Enable detected clothing feature

Important

Due to the Azure Media Services retirement announcement, Azure AI Video Indexer announces Azure AI Video Indexer features adjustments. See Changes related to Azure Media Service (AMS) retirement to understand what this means for your Azure AI Video Indexer account. See the Preparing for AMS retirement: VI update and migration guide.

Azure AI Video Indexer detects clothing associated with the person wearing it in the video and provides information such as the type of clothing detected and the timestamp of the appearance (start, end). The API returns the detection confidence level. The clothing types that are detected are long pants, short pants, long sleeves, short sleeves, and skirt or dress.

Two examples where this feature could be useful:

  • Improve efficiency when creating raw data for content creators, like video advertising, news, or sport games (for example, find people wearing a red shirt in a video archive).
  • Post-event analysis—detect and track a person’s movement to better analyze an accident or crime post-event (for example, explosion, bank robbery, incident).

The newly added clothing detection feature is available when indexing your file by choosing the Advanced option -> Advanced video or Advanced video + audio preset (under Video + audio indexing). Standard indexing won't include this new advanced model.

This screenshot represents an indexing video option

When you choose to see Insights of your video on the Azure AI Video Indexer website, the People's detected clothing could be viewed from the Observed People tracking insight. When choosing a thumbnail of a person the detected clothing became available.

Observed people screenshot

If you're interested to view People's detected clothing in the Timeline of your video on the Azure AI Video Indexer website, go to View -> Show Insights and select the All option, or View -> Custom View and select Observed People.

Observed person screenshot

Searching for a specific clothing to return all the observed people wearing it's enabled using the search bar of either the Insights or from the Timeline of your video on the Azure AI Video Indexer website.

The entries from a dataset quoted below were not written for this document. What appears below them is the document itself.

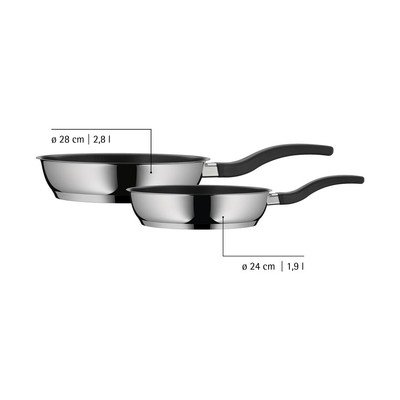 A WMF márka Devil rozsdamentes acél serpenyő készlete praktikus kiegészítő minden konyhában. Ez a szett két, különböző méretű serpenyőt tartalmaz, 24 cm és 28 cm átmérővel.
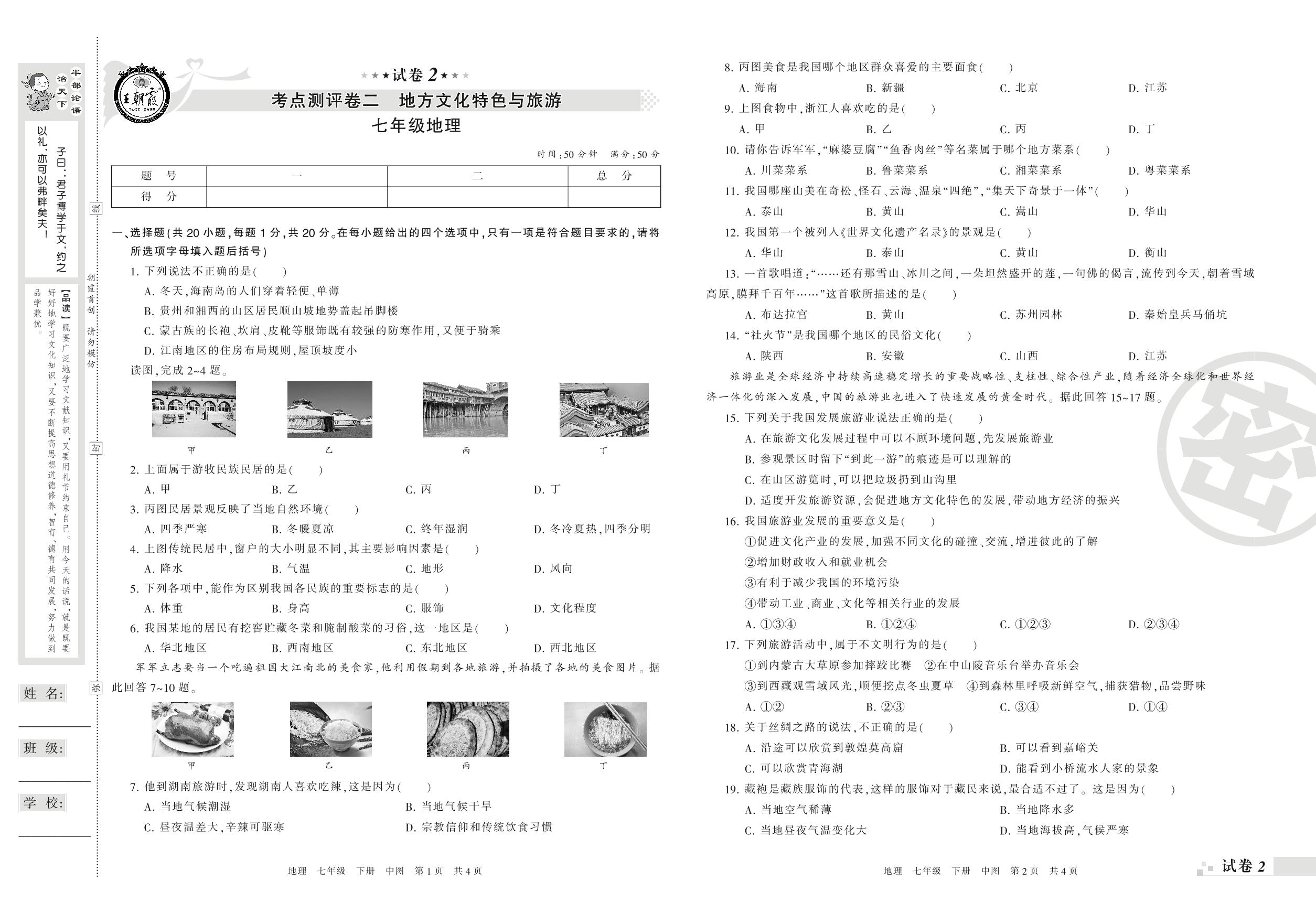 王朝霞期末测评卷——考点测评卷二 地方文化特色与旅游七年级下册地理(中图版)【2】
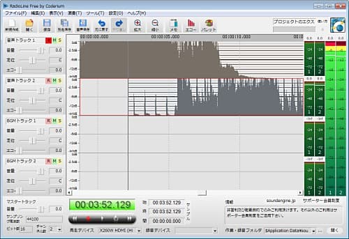 フェードを入れたいときは、「SoundEngine」で加工してから、「RadioLine」へ。

The following JSON response illustrates what Azure AI Video Indexer returns when tracking observed people having detected clothing associated:

"observedPeople": [
    {
        "id": 1,
        "thumbnailId": "68bab0f2-f084-4c2b-859b-a951ed03c209",
        "clothing": [
            {
                "id": 1,
                "type": "sleeve",
                "properties": {
                    "length": "short"
                }
            },
            {
                "id": 2,
                "type": "pants",
                "properties": {
                    "length": "long"
                }
            }
        ],
        "instances": [
            {
                "adjustedStart": "0:00:05.5055",
                "adjustedEnd": "0:00:09.9766333",
                "start": "0:00:05.5055",
                "end": "0:00:09.9766333"
            }
        ]
    },
    {
        "id": 2,
        "thumbnailId": "449bf52d-06bf-43ab-9f6b-e438cde4f217",
        "clothing": [
            {
                "id": 1,
                "type": "sleeve",
                "properties": {
                    "length": "short"
                }
            },
            {
                "id": 2,
                "type": "pants",
                "properties": {
                    "length": "long"
                }
            }
        ],
        "instances": [
            {
                "adjustedStart": "0:00:07.2072",
                "adjustedEnd": "0:00:10.5105",
                "start": "0:00:07.2072",
                "end": "0:00:10.5105"
            }
        ]
    },
]

Limitations and assumptions

As the detected clothing feature uses observed people tracking, the tracking quality is important. For tracking considerations and limitations, see Considerations and limitations when choosing a use case.

  • As clothing detection is dependent on the visibility of the person’s body, the accuracy is higher if a person is fully visible.
  • There maybe errors when a person is without clothing.
  • In this scenario or others of poor visibility, results may be given such as long pants and skirt or dress.